What is needed -
Please start at the first line of the records beneath and quote each line exactly, ending with the line containing "MK-5シングルレッドダイアル!! 是非この機会にコレクションに加えてみてはいかがでしょうか? |".

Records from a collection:
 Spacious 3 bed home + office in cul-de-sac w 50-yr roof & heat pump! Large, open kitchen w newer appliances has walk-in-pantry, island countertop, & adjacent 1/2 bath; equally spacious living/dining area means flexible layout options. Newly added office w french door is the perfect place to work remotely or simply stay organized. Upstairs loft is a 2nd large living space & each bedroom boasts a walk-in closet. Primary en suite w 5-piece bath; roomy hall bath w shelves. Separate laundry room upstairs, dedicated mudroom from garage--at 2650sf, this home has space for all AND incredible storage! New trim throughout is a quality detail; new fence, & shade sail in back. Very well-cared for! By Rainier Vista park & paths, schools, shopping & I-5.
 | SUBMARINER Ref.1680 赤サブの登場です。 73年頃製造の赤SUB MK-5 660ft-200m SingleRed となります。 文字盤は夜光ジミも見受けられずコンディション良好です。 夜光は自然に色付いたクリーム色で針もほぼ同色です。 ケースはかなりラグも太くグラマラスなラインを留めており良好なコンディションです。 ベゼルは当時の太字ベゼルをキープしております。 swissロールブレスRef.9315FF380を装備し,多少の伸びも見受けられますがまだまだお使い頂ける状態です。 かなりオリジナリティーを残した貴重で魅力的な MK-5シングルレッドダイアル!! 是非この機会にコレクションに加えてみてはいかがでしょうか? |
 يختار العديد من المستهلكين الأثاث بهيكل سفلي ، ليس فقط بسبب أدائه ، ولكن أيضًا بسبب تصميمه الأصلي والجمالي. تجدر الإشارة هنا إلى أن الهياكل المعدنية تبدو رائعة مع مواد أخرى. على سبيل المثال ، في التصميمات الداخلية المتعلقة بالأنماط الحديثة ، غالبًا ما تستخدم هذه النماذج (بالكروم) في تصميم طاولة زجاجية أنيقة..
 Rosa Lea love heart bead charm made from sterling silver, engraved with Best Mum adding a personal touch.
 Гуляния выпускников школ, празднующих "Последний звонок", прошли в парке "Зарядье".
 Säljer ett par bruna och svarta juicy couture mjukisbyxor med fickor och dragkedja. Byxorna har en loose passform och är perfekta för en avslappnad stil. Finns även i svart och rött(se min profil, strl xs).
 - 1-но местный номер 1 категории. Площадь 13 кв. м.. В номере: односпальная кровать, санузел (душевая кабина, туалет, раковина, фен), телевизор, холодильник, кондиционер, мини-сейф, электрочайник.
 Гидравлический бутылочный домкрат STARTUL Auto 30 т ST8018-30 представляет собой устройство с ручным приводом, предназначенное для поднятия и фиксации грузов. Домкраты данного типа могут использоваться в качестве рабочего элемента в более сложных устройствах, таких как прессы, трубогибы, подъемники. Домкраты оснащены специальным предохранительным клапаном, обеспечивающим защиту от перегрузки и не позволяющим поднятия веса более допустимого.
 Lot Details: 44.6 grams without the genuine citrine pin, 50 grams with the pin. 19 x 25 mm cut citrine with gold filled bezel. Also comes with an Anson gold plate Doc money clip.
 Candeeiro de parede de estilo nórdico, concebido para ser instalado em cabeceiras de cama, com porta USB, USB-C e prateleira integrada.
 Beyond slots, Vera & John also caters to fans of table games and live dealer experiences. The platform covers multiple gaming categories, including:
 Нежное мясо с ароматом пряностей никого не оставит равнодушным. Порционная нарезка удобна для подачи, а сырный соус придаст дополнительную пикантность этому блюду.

Written solution -
 Spacious 3 bed home + office in cul-de-sac w 50-yr roof & heat pump! Large, open kitchen w newer appliances has walk-in-pantry, island countertop, & adjacent 1/2 bath; equally spacious living/dining area means flexible layout options. Newly added office w french door is the perfect place to work remotely or simply stay organized. Upstairs loft is a 2nd large living space & each bedroom boasts a walk-in closet. Primary en suite w 5-piece bath; roomy hall bath w shelves. Separate laundry room upstairs, dedicated mudroom from garage--at 2650sf, this home has space for all AND incredible storage! New trim throughout is a quality detail; new fence, & shade sail in back. Very well-cared for! By Rainier Vista park & paths, schools, shopping & I-5.
 | SUBMARINER Ref.1680 赤サブの登場です。 73年頃製造の赤SUB MK-5 660ft-200m SingleRed となります。 文字盤は夜光ジミも見受けられずコンディション良好です。 夜光は自然に色付いたクリーム色で針もほぼ同色です。 ケースはかなりラグも太くグラマラスなラインを留めており良好なコンディションです。 ベゼルは当時の太字ベゼルをキープしております。 swissロールブレスRef.9315FF380を装備し,多少の伸びも見受けられますがまだまだお使い頂ける状態です。 かなりオリジナリティーを残した貴重で魅力的な MK-5シングルレッドダイアル!! 是非この機会にコレクションに加えてみてはいかがでしょうか? |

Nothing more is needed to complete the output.